Noting an increase in acid attacks, Montealegre said he is creating a new team of prosecutors and crime-scene experts to investigate the crimes. The team would also determine whether authorities have inadvertently downgraded the gravity of reported acid attacks, instead of cataloguing some of them as attempted homicides.

The perpetrators often receive no jail time because the attacks are treated as minor assaults, said Sen. Carlos Baena.

“The punishment is very light and doesn’t take into account the very dramatic pain that the victim has to go through,” said Baena, who is sponsoring a bill to impose at least a 20-year prison term on convicted attackers.

He and the city councilwoman, Rubio, are also proposing regulations to require buyers of acids to register their purchase.

Such reforms might have an impact. The number of attacks in Bangladesh fell from about 500 a year a decade ago to about 100 a year after that country imposed tougher sentencing guidelines and began to register acid sales, said Jaf Shah, the executive director of London-based Acid Survivors Trust International.

Devastating damage

Health care providers describe a heinous crime that can literally wipe away a victim’s face.

Linda Guerrero, director of the Foundation for the Burned, which provides plastic surgery, physical therapy and psychological assistance to victims, said the chemicals in the acids corrode the proteins in facial skin and sear through delicate tissue.

“It’s the worst thing that can happen to your skin,” she said.

And then there is the psychological damage to the victim, of having to live with a gruesomely disfigured face she does not recognize, a face that can repel even family members. The shock seems to be magnified in a society like Colombia that so venerates beauty.

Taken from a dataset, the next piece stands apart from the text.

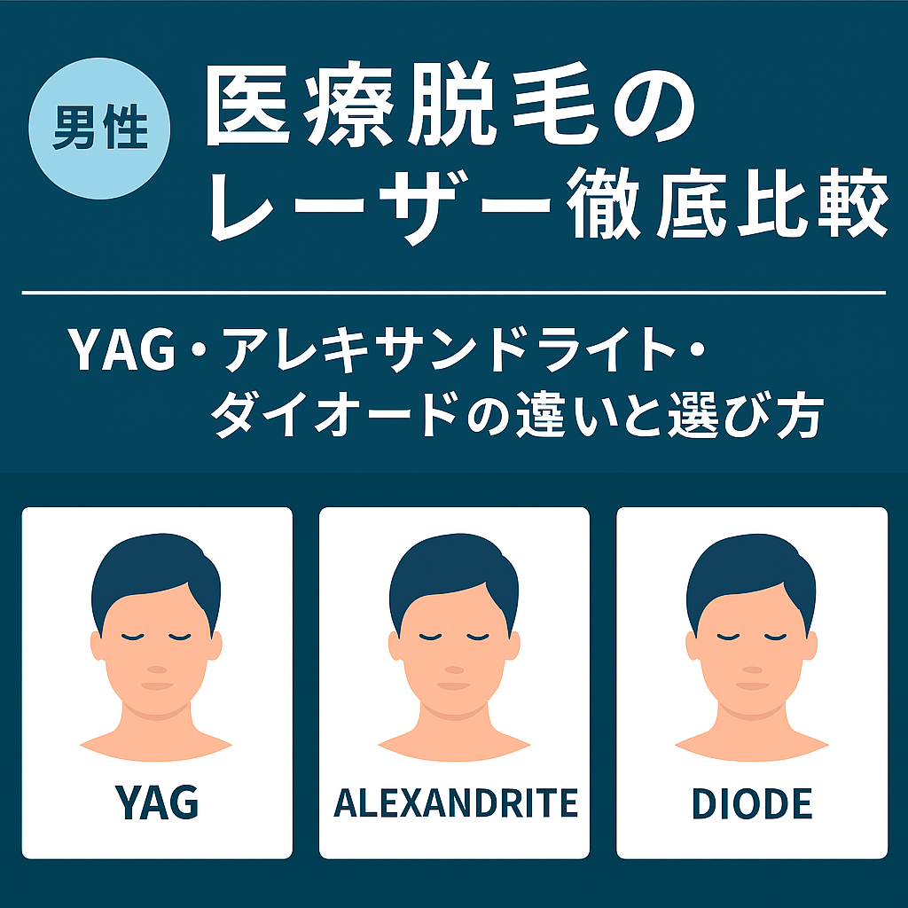 男性の医療脱毛では、目的に応じてレーザーを使い分けることが重要です。肌質や毛質に合ったレーザーを選ぶことで、効果を最大化しつつ痛みを最小限に抑えることができます。

“Our society is not prepared for people with deformities and less so people with facial deformities,” said Alan Gonzales, a plastic surgeon has operated on several acid attack victims. “They are discriminated by society, perhaps not in a premeditated way, but spontaneously because we do not have a culture that is equipped to deal with tragedies like these.”

‘Some just stare at me’

The acid thrown at Viviana Hernandez, 29, not only burned her face and chest but also damaged a cornea and ate through her eyelids. “It’s devastating economically and psychologically,” she said of the 2007 attack by her former partner. “But I think more psychologically than physically. This is something you never, ever leave behind.”

Hernandez said she made it with the help of her three children, her siblings and mother. She now works as an accountant.

Consuelo Cordoba, though, says she can only dream of a job and family.

She has neither, she said, and instead begs in Bogota’s sprawling wholesale food market. An evangelical church gives her the $120 she needs for her monthly rent. People who have read about her in local newspapers provide her with meals.

Though she has had about 40 operations since being attacked a decade ago, she must still wear a mask. She even has trouble eating, because of the damage done to her teeth.

“There are some who just stare at me, shocked, and others who make fun,” she said. “I don’t pay attention to them. Sometimes it hurts, but you have to continue living.”

She had once been a vivacious woman, decked out in jewelry and wearing colorful, velvety dresses, as evidenced by the old pictures she still has.

“I was pretty, I had beautiful hair, I had a nice smile and perfect teeth,” she said. “And then this happened to me and it was all taken away.”